Fed fund futures are now pricing in only two rate hikes this year, a sea change from only a few days ago when they priced in about 80 per cent chance of three hikes with the market even rife with talk of four hikes.

The CBOE Volatility index, the closely followed "fear-index” measure of expected near-term stock market volatility jumped 20 points to 30.71, its highest since August 2015.

“For the last several months, whether it's stocks or commodities, risk-takers had been the winners. And that's what hedge funds, which now manage $3.2 trillion, have been doing," Mitsubishi UFJ's Fujito said.

“Their leveraged position is now being unwound. And it seems as though there are still some people who haven't run away (from the sell-off) yet. I would expect more instability,” he added.

Yoshinori Shigemi, market strategist at JPMorgan Asset Management, said the spectre of inflation will gradually undermine the attraction of equities even though the markets could rebound in the short term.

“In the end, the Fed will have to hike rates. And if it doesn't, long-dated bonds will be sold off on worries about inflation. Either way, that is going to slow down the economy. Rising wages also mean corporate profit margins will be squeezed gradually down the road,” he said.

Keen to avoid further risk, investors are closing their positions in other assets, including the currency market where a popular strategy has been to sell the dollar against the euro and other currencies seen as benefiting from higher interest rates in the future.

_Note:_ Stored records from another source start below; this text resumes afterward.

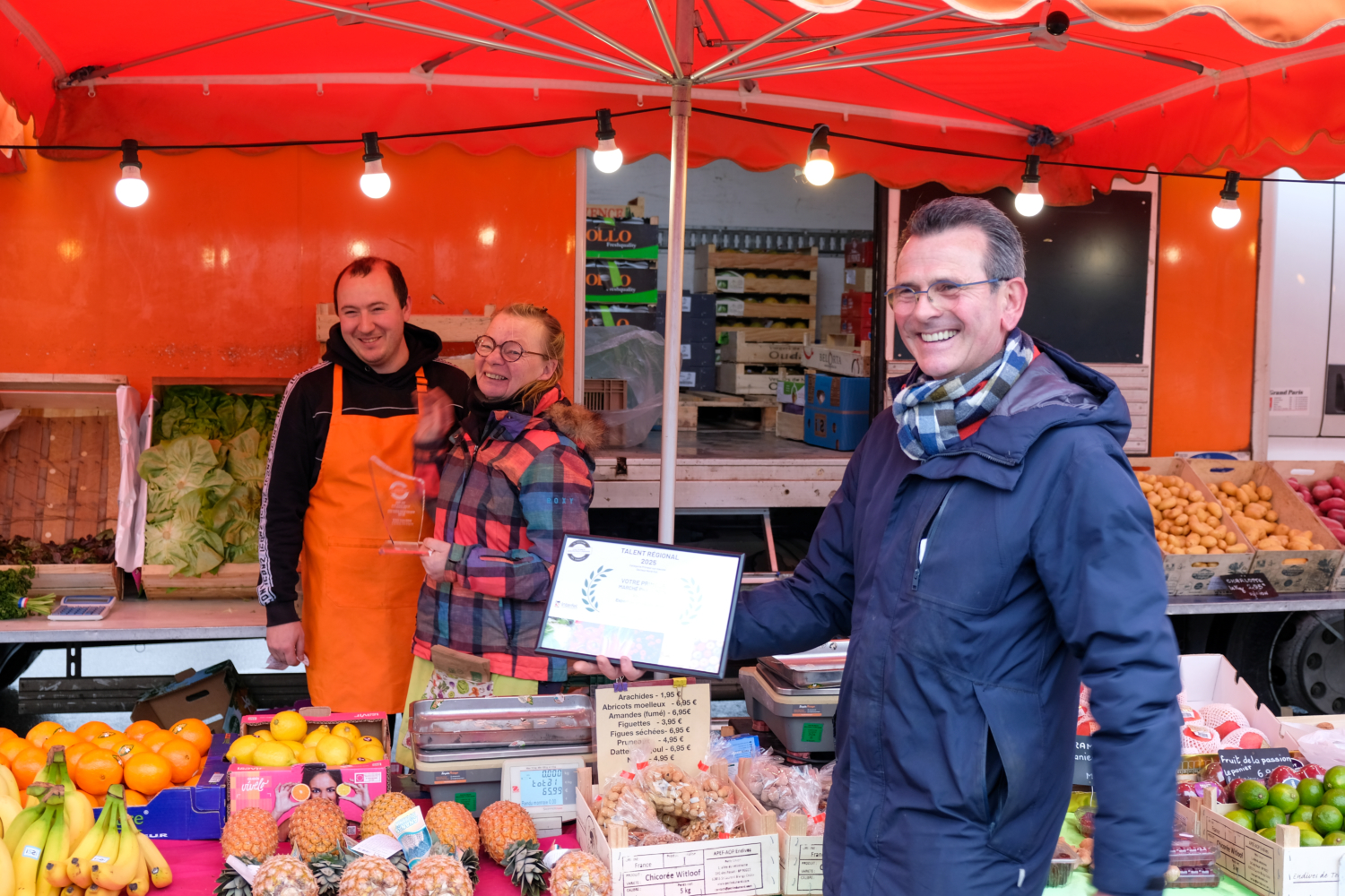Le vendredi 30 janvier restera une date marquante pour Jacques Heniart et son équipe. Le primeur de Vimy, fidèle au marché de Phalempin chaque vendredi après-midi, a reçu le premier prix « Primeur sur marché », décerné par le Comité Interfel Hauts-de-France. Une distinction qui salue l’engagement quotidien, l’expertise et la contribution à la valorisation des fruits et légumes auprès des consommateurs.
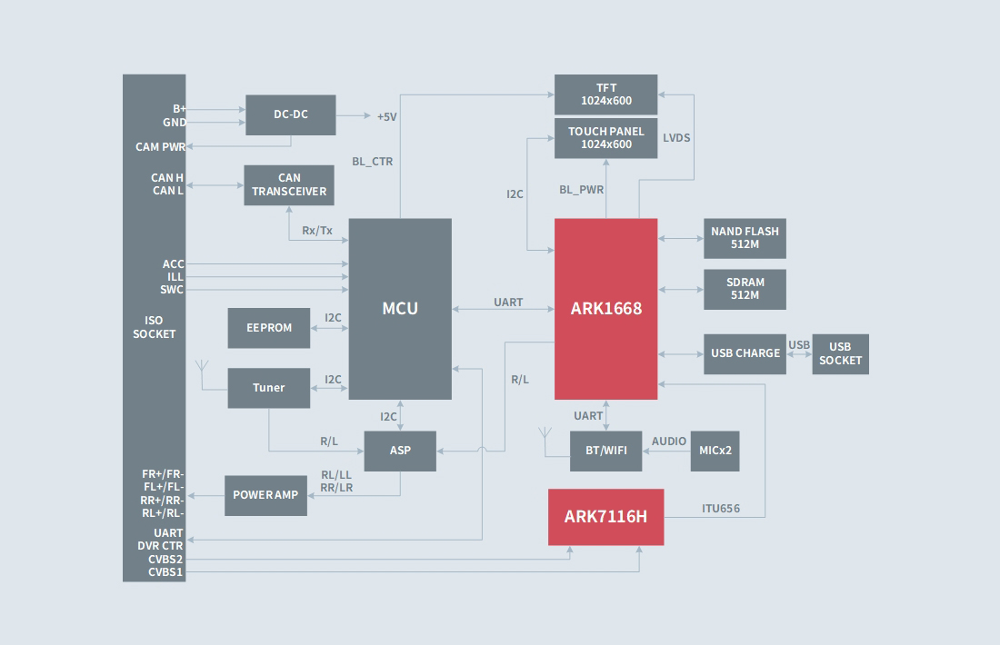 本方案是ARK711H6在車載信息系統中的倒車顯示上的應用。
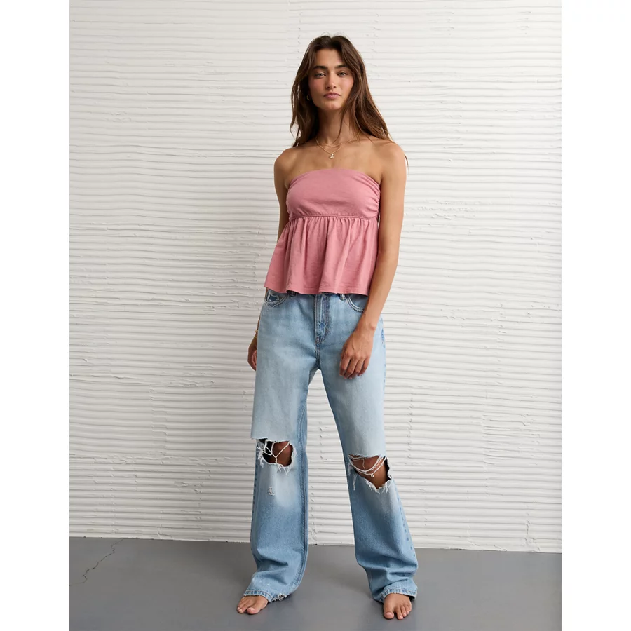 AE Sunchaser Knit Babydoll Tube Top – Blush
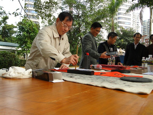 2015年2月11日,在中华民族传统节日春节即将到来之际,南海研究站组织开展“迎新春、写对联、送福字”活动,本次活动由常务副站长甘维明同志携在职职工代表亲自为大家送上“福”字,并专门邀请陈东荣和吴雷德两位退休老同志现场挥毫泼墨,提写春联,给大家送上新春的祝福。
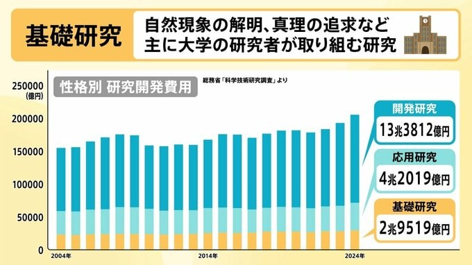 性格別の研究開発費用を見ると、2024年の▼基礎研究は2兆9519億円、▼応用研究は4兆2019億円、▼開発研究は13兆3812億円となっています。
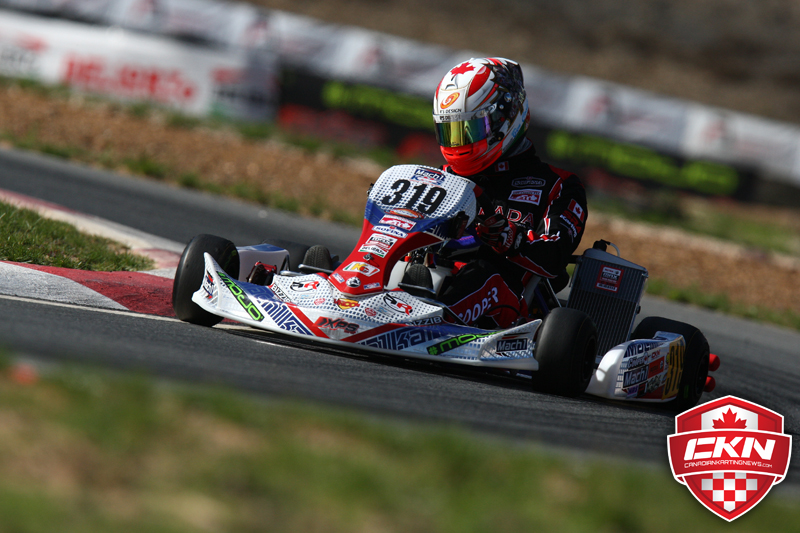 Team Canada drivers, Ben Cooper and Pier-Luc Ouellette were first to take the track in Group 1. Both drivers patiently waited back on the grid as the qualifying session began. The strategy behind this was to wait for the track to fill up with competitors and then add yourself to the mix when you could find the correct slipstream group. Cooper was quick right away as his first hot lap time would place him ahead of majority of the karts that had already completed 5 or 6 laps. His 2nd lap would send him almost to the top of the time sheets. Belgian driver, Xen De Ruwe was extremely fast as he would hold pole position right from the beginning of the session and would never have to look back. Cooper was not able to better his time due to bad luck with traffic and would settle for 2nd. At this point, Ouellette’s battle had just begun. Struggling with motor issues, Ouellette was near the tail end of his group. Though never giving up, he was able to drive a near perfect lap and use the slipstream to his advantage to qualify 20th.

The euro eased to $1.2353, not far from last week's low of $1.2335, a break of which could usher in a further correction after its rally to a 3-year high of $1.2538 by late last month.

Against the yen, which is often used as a safe-haven currency because of Japan's solid current account surplus, the dollar slipped 0.4 per cent to 108.56 yen, after having lost one percent on Monday.

Bitcoin was not spared from selling, falling more than 10 per cent to a 12-week low of $6,116. That represented a 69 per cent fall from its record high of $19,666, touched on December 17.

Investors also dumped junk bonds, with the yield of Merrill Lynch US high yield index rising to 6.017 percent from 5.964 per cent at the end of last week. Still, it was far below its 2016 peak just above 10 per cent, when low oil prices hurt energy firms.

Oil prices also dropped, with international benchmark Brent futures hitting a one-month low. It last stood at $66.83 per barrel, down 1.2 per cent on the day. US crude futures traded at $63.35 per barrel, down 1.3 per cent in Asia.